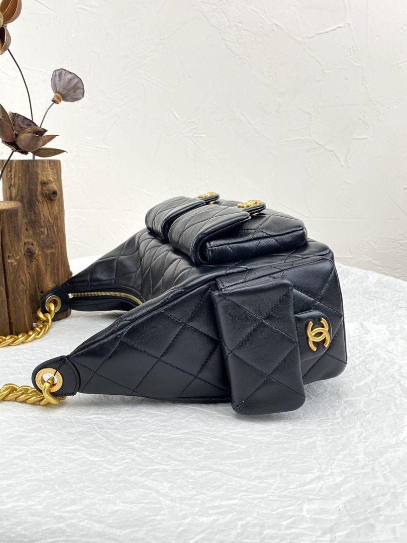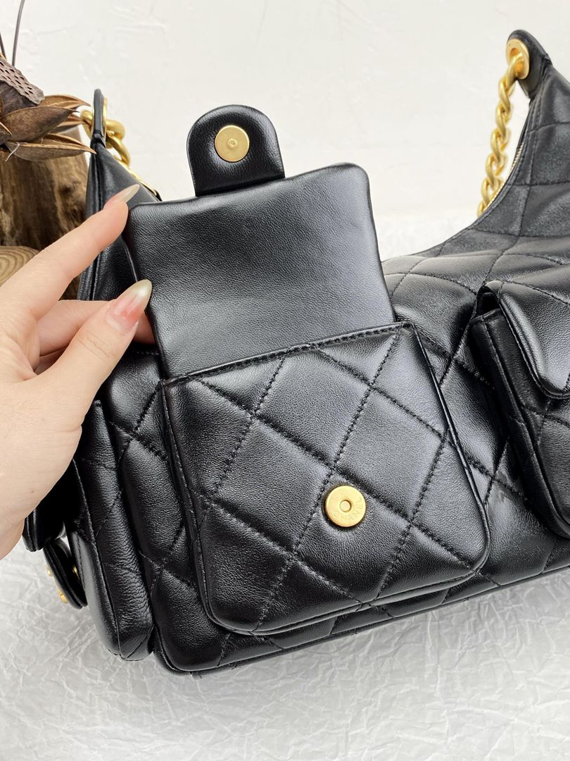 chanel 25c hobo bag black shiny lambskin gold hardware large
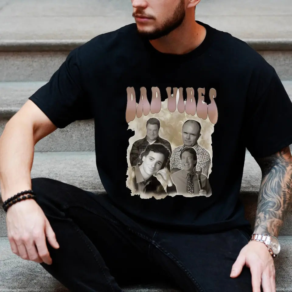 T-shirt Dad Vibes vintage des années 90, cadeau de la fête des Pères / Noir / 6XL
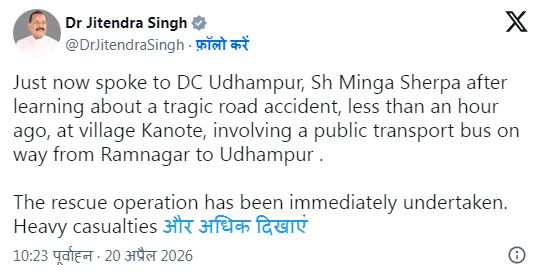 केंद्रीय मंत्री Jitendra Singh ने इस हादसे की जानकारी सोशल मीडिया पोस्ट के जरिए दी। उन्होंने बताया कि उन्होंने उधमपुर के डीसी Minga Sherpa से बात की है और पूरे घटनाक्रम की जानकारी ली है। उन्होंने कहा कि हादसे की सूचना मिलते ही मौके पर तुरंत रेस्क्यू ऑपरेशन शुरू कर दिया गया। बड़ी संख्या में लोगों के हताहत होने की आशंका को देखते हुए हर संभव मदद पहुंचाई जा रही है।
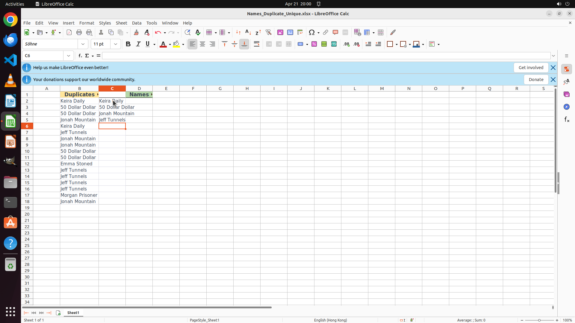 - LibreOffice Calc 已打开,文件名为 "Names_Duplicate_Unique.xlsx"
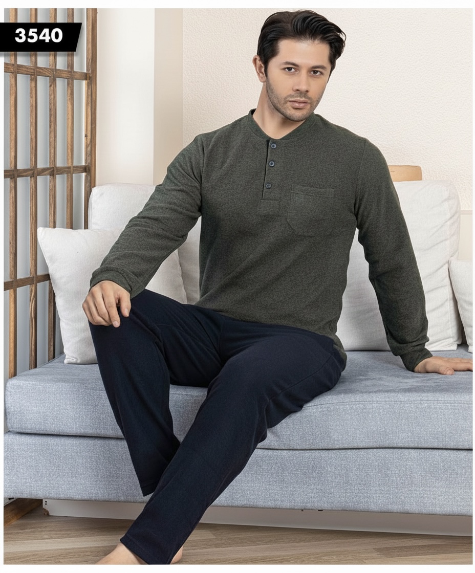 بيجاما رجالي شتوي بنطلون كروهات - لون زيتي 3513
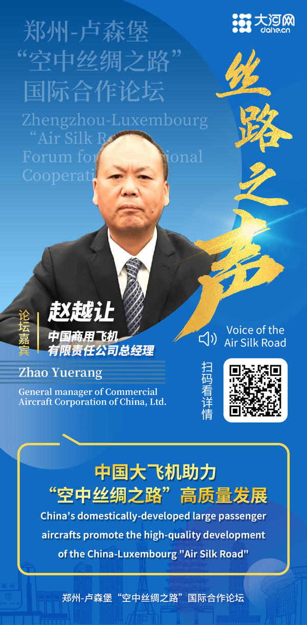 “通过完整的产品谱系、丰富的产品系列、繁荣的产业生态,为全球用户提供更多飞机产品选择及运营解决方案,服务‘空中丝绸之路’沿线国家及相关企业;通过‘空中丝绸之路’的建设,共同推动郑州国际航空枢纽建设和临空经济发展,服务河南全方位对外开放;借助‘空中丝绸之路’的发展,围绕大飞机的产业链供应链建设、新技术开发、节能减排应用、人才交流等方面,开展广泛深远的合作。”
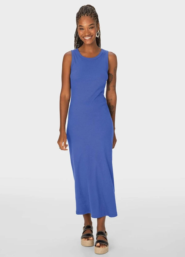 Malwee - Vestido Azul Royal Justo Mídi em Ribana
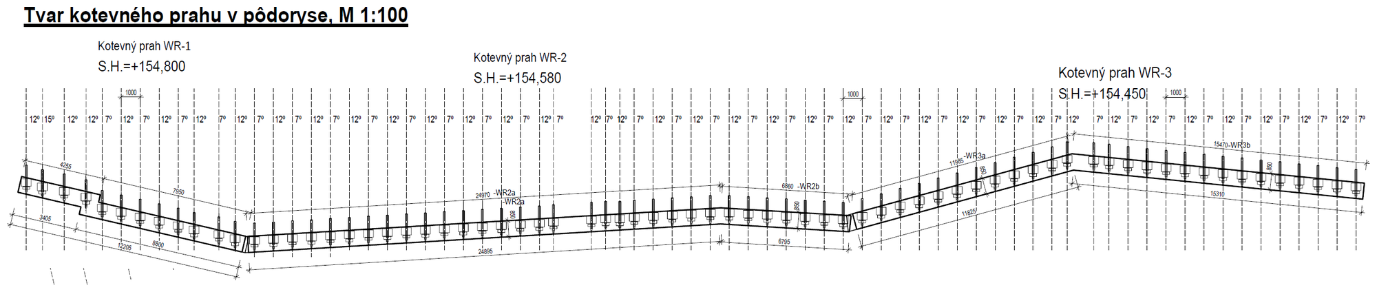 Obr. 9a – Tvar kotevných nosníkov WR1 – WR3 v pôdoryse
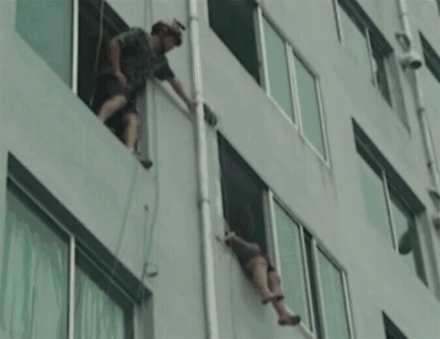 成功接住坠楼男子
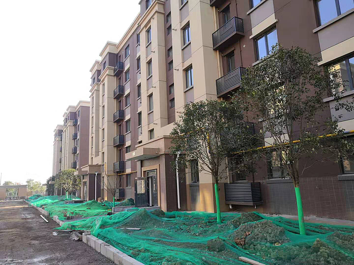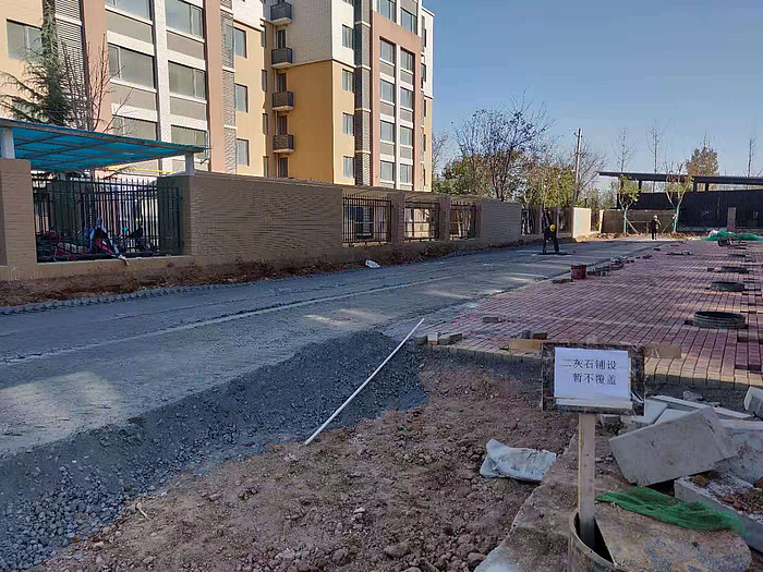 截至12月15日项目室外道路基层施工完成,进行地面铺装、绿化栽植。
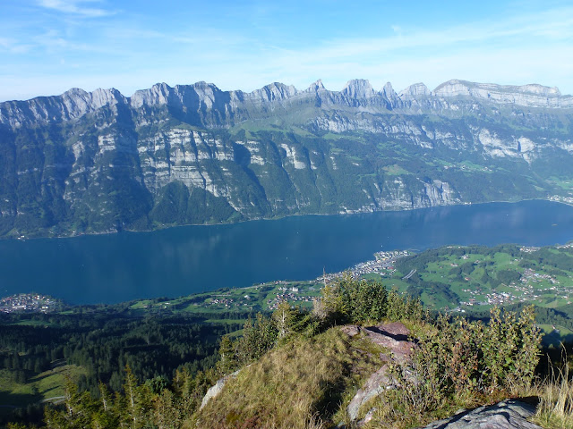 El otoño hace tiempo que se instaló en Suiza, son muchos los días de lluvias y pocos los de sol. Anoche mirando el tiempo en la "Suisse", interpreté que disponía de un día y medio de tiempo estable. Así que me fuí a la pared donde tengo el mapa topográfico gigante de Suiza y pensé: ¿Qué valle podria ir a descubir?, el elegido fue la región de San Gallen y Glarus, como no sabía con cual quedarme, hice un poco de ambos, o eso creo. No se muy bien explicar el recorrido, lo único que puedo aportar es que comencé en la localidad de Engi. Paralelo a un arroyo, todo muy verde y muchos afuentes con agua, un lugar maravilloso. Al llegar a una cresta he continuado hacia el famoso Pico Spitzmeilen con 2.501 metros, no por su altitud, sino por la forma que tiene de diente, para subir, desde la base, hay un canuto de unos 40 metros con cuerdas fijas instaladas para facilitar la subida. Después de un merecido bocadillo, he bajado para continuar hacia el Wissmilenpass (2.483 metros). Como no quería bajar hacia el lago Walensee me desvié hacia Murgsee y un pico que había cerca, desconozco el nombre. Luego descendí un poco para pasar la noche en un precioso bosque de pinos. Al día siguiente bajé a Murg con idea de seguir caminando pero el mal tiempo ya se me echo encima.
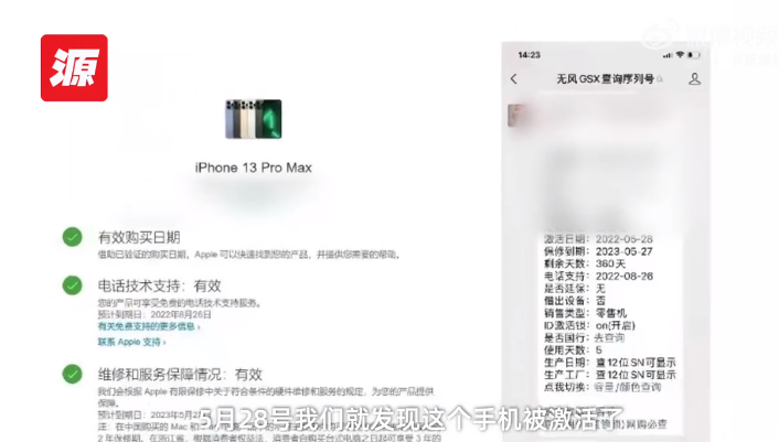 夏女士表示,她在查询序列号,发现此iPhone在5月28日被激活,怀疑手机被偷了。她还表示,下单时未注意到保价金额,不接受1000元赔偿。
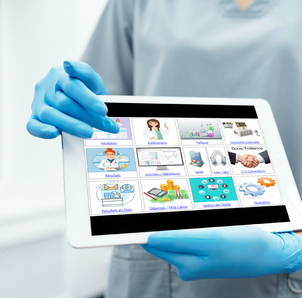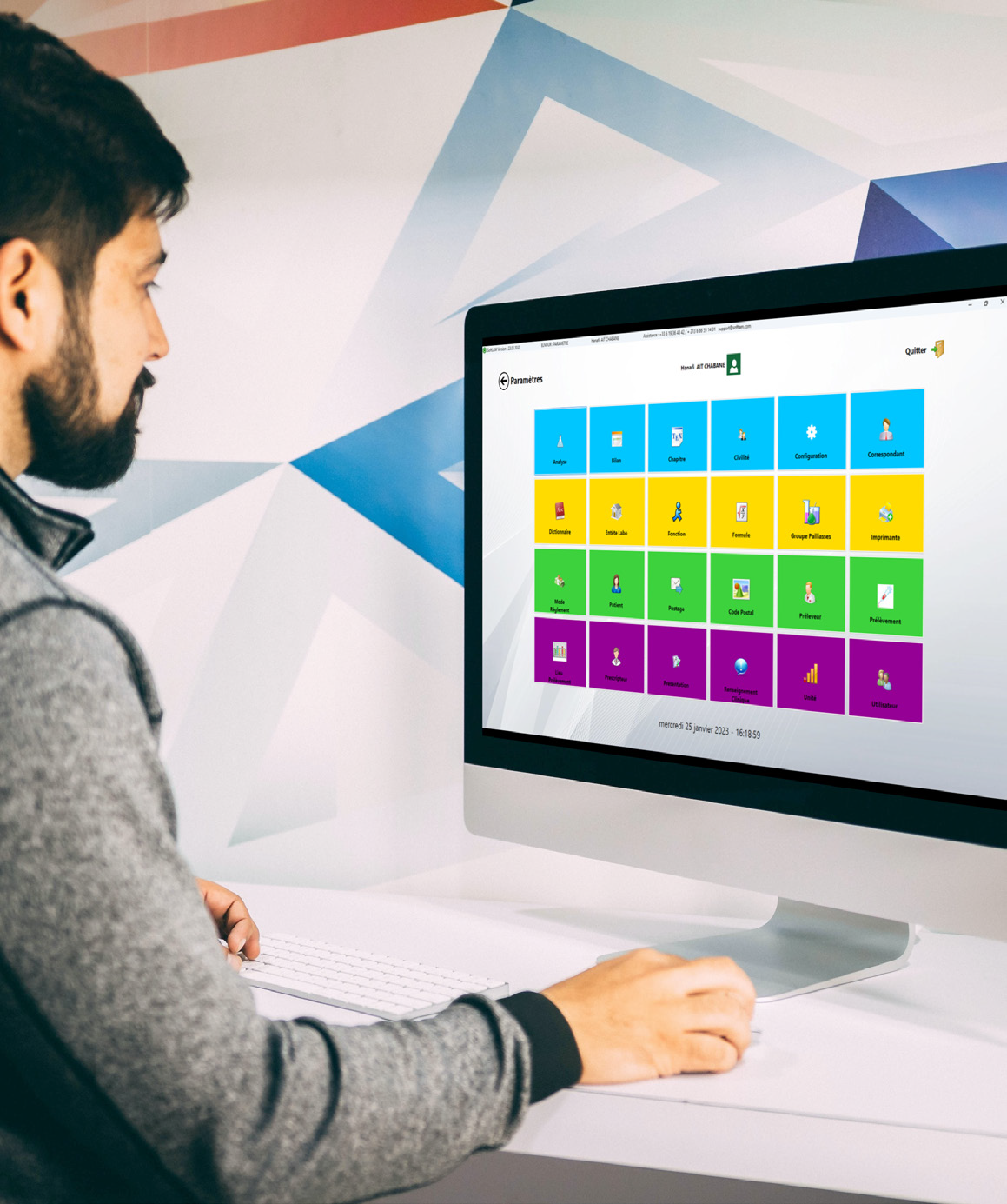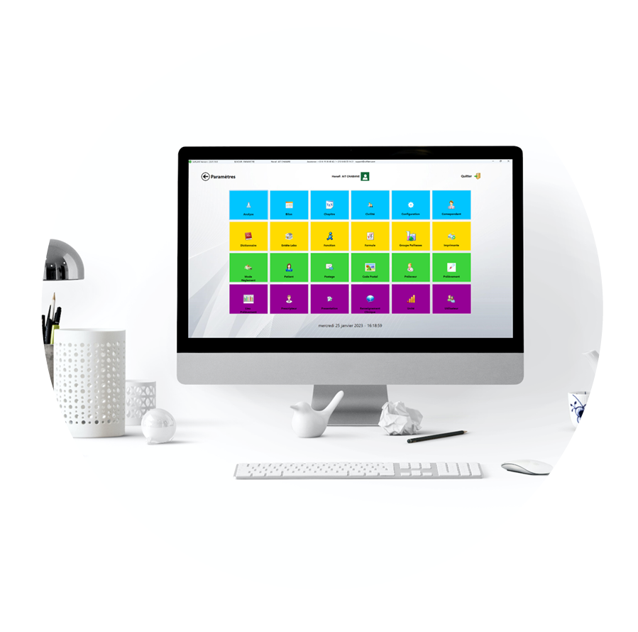SoftLAM digitalise le parcours des analyses et toutes les activités du laboratoire. Il dispense l’équipe des tâches répétitives de la gestion technique, administrative, financière, fluidifie l’accueil des patients et supprime les risques d’erreurs.
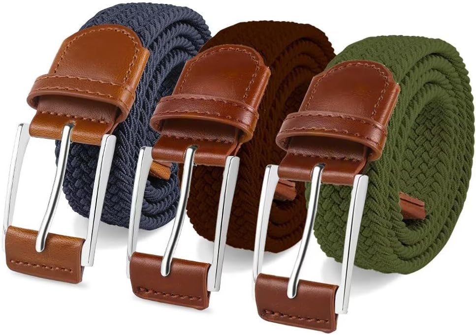 Our belt is made of 60% polyester and 40% elastane, while the buckle is made of high-quality zinc alloy. The buckle easily slides through the woven belt and can be freely adjusted.
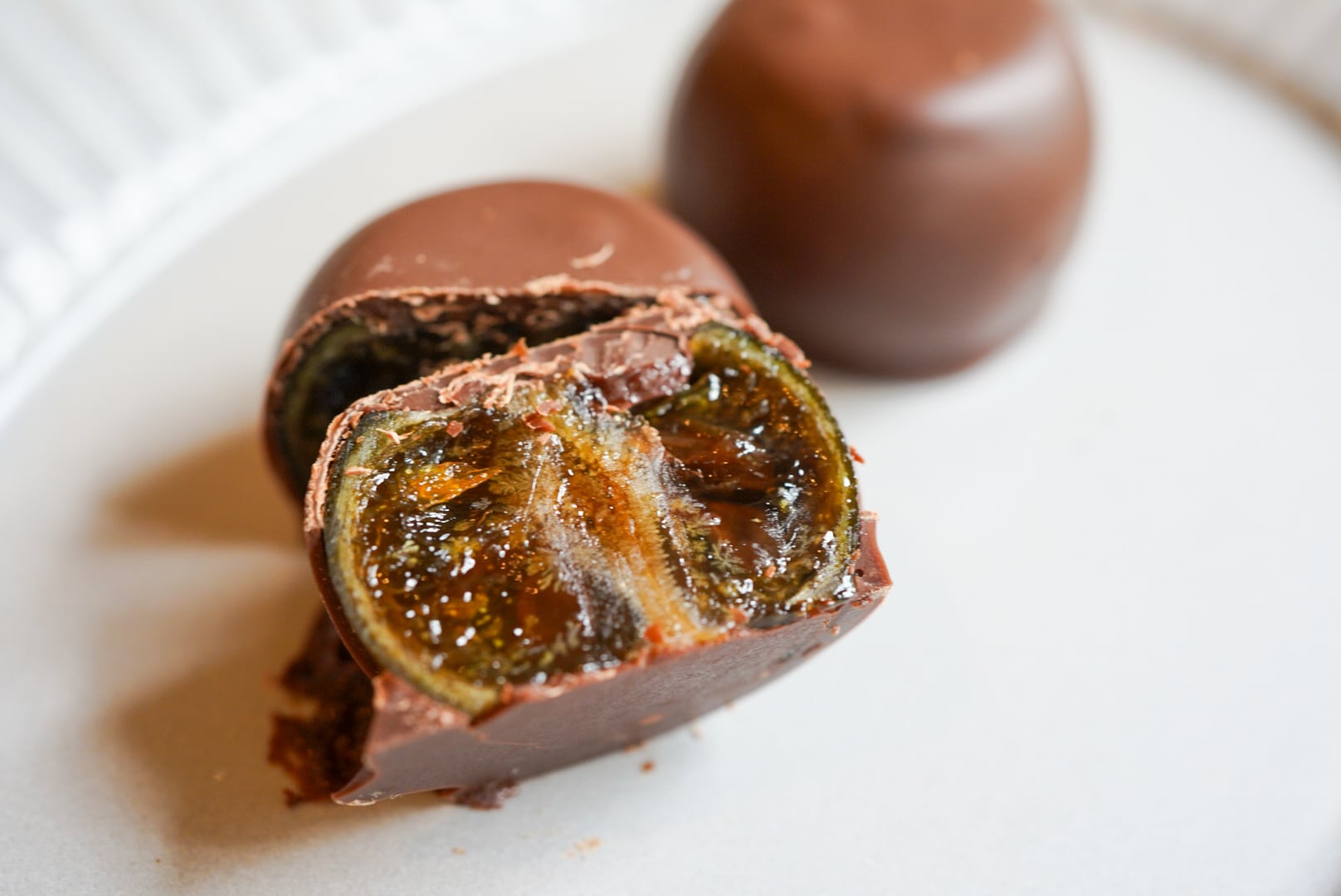 このシークワーサーには、オペラチョコレートさんのさわやかなバニラの甘さのように感じるチョコレートをコーティングしています。味わいのマリアージュを考えた組み合わせです。

★ ★ ★ ★ ★ ★ ★

- EXERCISE BRIEF -
Your reply should consist only of the lines running from the line with "夏女士表示,她在查询序列号,发现此iPh" to the end of the entries, both included, copied exactly and without any pictures.

- EXERCISE RESULT -
 夏女士表示,她在查询序列号,发现此iPhone在5月28日被激活,怀疑手机被偷了。她还表示,下单时未注意到保价金额,不接受1000元赔偿。
SoftLAM digitalise le parcours des analyses et toutes les activités du laboratoire. Il dispense l’équipe des tâches répétitives de la gestion technique, administrative, financière, fluidifie l’accueil des patients et supprime les risques d’erreurs.
 Our belt is made of 60% polyester and 40% elastane, while the buckle is made of high-quality zinc alloy. The buckle easily slides through the woven belt and can be freely adjusted.
 このシークワーサーには、オペラチョコレートさんのさわやかなバニラの甘さのように感じるチョコレートをコーティングしています。味わいのマリアージュを考えた組み合わせです。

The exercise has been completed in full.